PZ: Wie bewerten Sie persönlich die fünf vergangenen Faustballjahre beim TSV Dennach?

Es ist hier nie um meine Person gegangen. Das möchte ich festhalten. Es ging immer nur darum, dass sich die Spielerinnen, die Mannschaft weiterentwickelt und das Maximale aus sich herausholt. Das ist bei den großen Erfolgen mit fünf deutschen Meisterschaften, sechs Europapokal-Triumphen und zwei Finalteilnahmen im Weltcup gelungen. Bei Letzterem fehlt leider noch das i-Tüpfelchen. Aber das kommt vielleicht noch. Fakt ist, das wir gemeinsam in Dennach explosionsartig Erfolge gesammelt haben, die kaum jemand für möglich gehalten hätte und die sich so leicht wohl auch nicht wiederholen lassen. Über fünf Jahre waren das herausragende Erlebnisse, für die ich sehr dankbar bin.

PZ: Dennoch ärgert der noch fehlende Weltcup-Sieg?

Sicher wäre das eine schöne Sache gewesen. Aber darum ging es bei meinem Amtsantritt als Trainer in Dennach überhaupt nicht. Wir wollten deutsche Meisterschaften gewinnen und das hat geklappt. Im Übrigen ist die rasante Entwicklung der Mannschaft nicht nur mein Verdienst. Daran hat auch meine Vorgängerin Beate Bolz mit ihrer Basisarbeit großen Anteil.
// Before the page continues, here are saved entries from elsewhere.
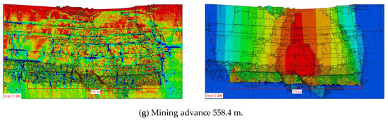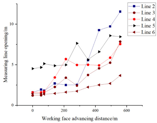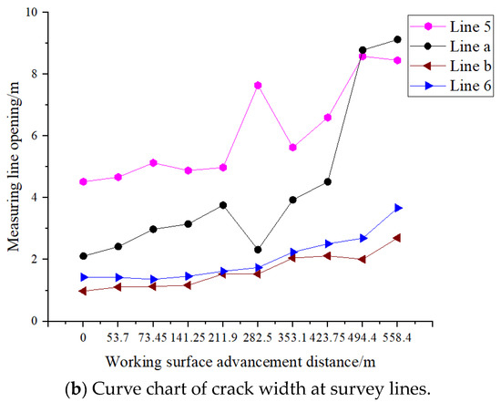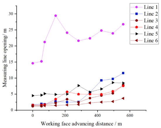 It can be seen from Figure 7 and Figure 8 that the opening of the water-conducting fractures at measuring lines 1 to 5 was characterized by a fluctuating trend with the working face advanced, showing an initial increase, followed by a decline, and finally another increase. Specifically, the opening in survey line 1 increased from 14.61 m (1.6 m from survey line 2) to 29.45 m (2.69 m), then decreased to 22.39 m (2.53 m), and finally increased to 26.77 m (11.55 m). As shown in Figure 9, when the working face advanced to 53.7 m, the roof fractured for the first time and began to collapse. At this time, the rock formation was subjected to low stress and showed a slight growth trend. When the working face advanced to 73.45 m, the roof fractured completely and collapsed, and the goaf was filled with discrete and fractured rock blocks, causing periodic pressure. The width of the water-conducting fissure changed greatly and rapidly increased to 21.24 m (survey line 1). At the same time, the working face advanced to 141.25 m. After survey line 1 reached its peak at 29.45 m, the mining stress gradually stabilized as the working face advanced to 282.5 m, and the rock strata showed a general downward trend. At this time, the width of the fissure dropped to 21.62 m. When the working face advanced to 558.4 m, due to the large mining span, the roof collapsed and subsided severely, and the cracks increased in width.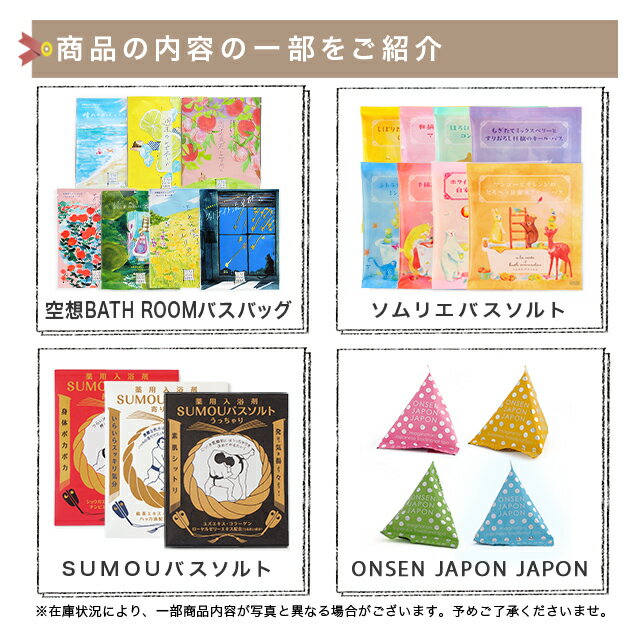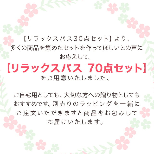 ※ギフト対応についてご一読ください 売れ筋商品のひとつ【リラックスバス30個セット】より、もっと多くの商品を集めたセットを作ってほしいとの声にお応えして、【リラックスバス 70点セット】ができました! 日常使いの入浴剤としてはもちろん、大切な方へのプレゼントにもおすすめです。
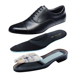 今回の商品は、セレモニーなどより洗練されたデザインが求められるシーンで活用したい、とのお客さまの声に応え企画しました。アッパー(甲被)は、艶やかな光沢感のあるソフト牛革を採用し、靴底は、オールラバーとし輪郭をしっかり出すなど外観の品格を追求しました。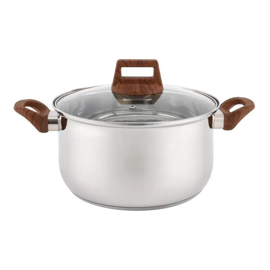 Кастрюля металлическая Donna 2,8л с крышкой, имитация дерева, серебристая, удобные ручки, стеклянная крышка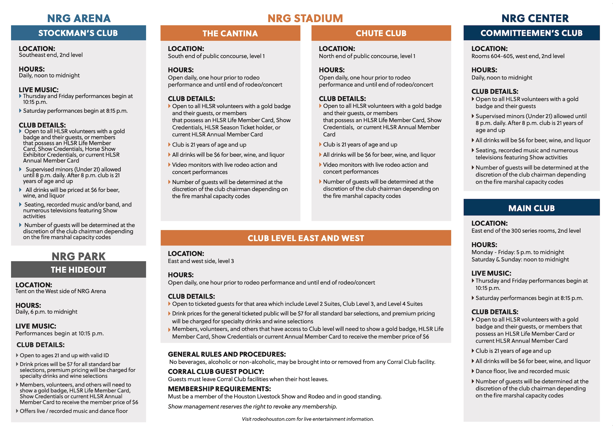 Houston Livestock Show and Rodeo Corral Clubs are Texas Alcoholic Beverage Commission-licensed establishments and are cashless.

Letztlich haben sich die Spielerinnen selbst belohnt, weil der absolute Willen, der Ehrgeiz zum Erfolg genauso wie die Bereitschaft da war, sich im Training zu plagen und bis an die eigene körperliche Grenze zu gehen.

PZ: Wie wird die Welt von Rudolf Reuster aus Faustball-Rentner aussehen?

Das mit dem Runterfahren funktioniert ganz ordentlich. Ich habe zum Verein und zu den Spielerinnen nach wie vor ein gutes Verhältnis und werde mir regelmäßig die Spiele anschauen. Auch beim Europapokal am 6. Januar im schweizerischen Jona bin ich dabei. Faustball ist und bleibt für mich aber Spaß und Hobby. Ich hoffe, dass die Mannschaft weiterhin nach dem höchsten Niveau strebt. Und wenn es mir gelungen ist, das zu vermitteln, kann ich sehr zufrieden sein.

PZ: Welche Tipps haben Sie für ihren Nachfolger?

Ich halte mich da völlig raus. Kuno ist ein Faustball-Besessener und wir kennen uns schon seit Jahren. Er hat die nötige Erfahrung, die man braucht und kann seine Entscheidungen selber treffen. Für ihn geht es erst einmal darum, die Spielerinnen besser kennenzulernen. Und wenn die Mädels mitziehen, seine Philosophie annehmen, ist irgendwann auch seine eigene Handschrift erkennbar. Ich wünsche ihm, dass er die paar Prozent noch aus der Mannschaft herauskitzeln kann, die zum Weltcup-Sieg fehlen.